Bacteria most often isolated from affected small animals include Streptococcus spp, Staphylococcus spp, Klebsiella spp, and Escherichia coli. Other bacterial species, protozoa (e.g. Toxoplasma gondii) and fungi (e.g. Cryptococcus spp) may be involved in feline patients. In humans, 60-80% of patients with infective endocarditis had a predisposing cardiac lesion that facilitated bacterial attachment. In dogs, however, infection appears to develop commonly in patients with no evidence of valve abnormalities. A blood test often shows a neutrophilic leukocytosis. Active infection may be associated with the presence of band neutrophils, and chronic infection with a monocytosis (90% of cases in one series). Anaemia of chronic disease is frequently present. Serum analysis abnormalities reflect organ involvement secondary to infective emboli and may include increases in liver enzymes, BUN, and creatinine. In patients that develop immune complex glomerulonephritis, significant urinary protein loss and hypoalbuminemia may develop. Blood cultures with sensitivity should be obtained in affected animals. It is preferable to draw 2 or 3 blood samples, each 1-2 hr apart, in a 24-hr period. A strict aseptic technique is required. Radiography demonstrates cardiac chamber enlargement, depending on the location and degree of insufficiency of the involved valve. If the aortic or mitral valve is affected, there will be left atrial and left ventricular dilatation. Evidence of left-sided failure may be seen as an increase in interstitial density or, in severe CHF, an alveolar pattern in the pulmonary parenchyma. If the tricuspid or pulmonic valve is affected, right-sided chamber enlargement is expected. Echocardiography is the diagnostic test of choice, as blood cultures are positive in only 50-90% of dogs. The affected valve is easily detected—the involved area is hyperechoic (bright) and thickened. Doppler echocardiography will confirm insufficiency of the valve, and chamber enlargement on the side of the affected valve is expected when significant insufficiency is present. Electrocardiography may demonstrate atrial and ventricular premature complexes. Infrequently, other arrhythmias such as atrial fibrillation or conduction disturbances are found. The height of the R waves may be increased (suggestive of left ventricular enlargement) and the width of the P wave increased (suggestive of left atrial enlargement).
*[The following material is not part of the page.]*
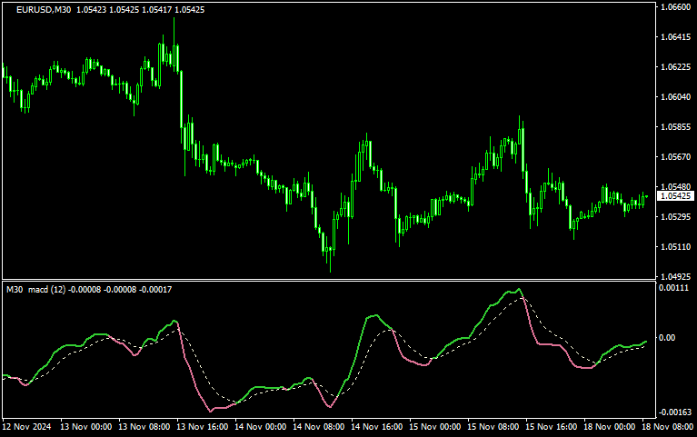 MACDはジェラルド・アペルの考案した指標で、日本語では「移動平均収束拡散法」と呼ばれます。2本のEMAの乖離からモメンタムを測定し、価格の勢いを判断するためのツールとして広く使われています。

Therapy is directed at controlling clinical signs of CHF, resolving any significant arrhythmias, sterilizing the lesion, and eliminating the spread of infection. The heart failure may be extreme and intractable if the aortic valve is significantly involved; the prognosis is grave in these cases. The prognosis is much more favourable when infection is mild and limited to one of the AV valves. Controlling heart failure requires the use of diuretics such as furosemide, ACE inhibitors, and, where myocardial failure or supraventricular arrhythmias are present, digoxin. Initially, parenteral antibiotics are indicated for 1-2 wk (which may be cost prohibitive), followed by oral antibiotics for 6-8 wk. Initial broad-spectrum bactericidal antibiotics (ampicillin and gentamicin or cephalothin and gentamicin) should be used and changed, if needed, based on sensitivity studies. Renal function should be monitored with gentamicin therapy. Fluoroquinolones such as enrofloxacin may be considered as an alternative to aminoglycosides if renal failure occurs. The prognosis is poor in most dogs. Those that respond to therapy will likely require long-term cardiac medications (eg, diuretics, vasodilators, digoxin) and frequent re-evaluations. In large animals, rifampin (5 mg/kg, PO, bid), together with another broad-spectrum antibiotic, has been demonstrated to improve short-term outlook. Aspirin (100 mg/kg, sid in ruminants and 17 mg/kg every other day in horses) or heparin (30 U/kg, SC, bid in ruminants and horses) may prevent further thrombus and vegetative growth in large animals.

Considering the poor clinical course, prevention is vital. When animals with predisposing cardiac disease (eg, subaortic stenosis, patent ductus arteriosus, ventricular septal defect, cyanotic congenital heart disease) are to be subjected to procedures with a potential to cause bacteremia (eg, dental scaling, tooth extractions), prophylactic use of a broad-spectrum antibiotic, although controversial, may be considered.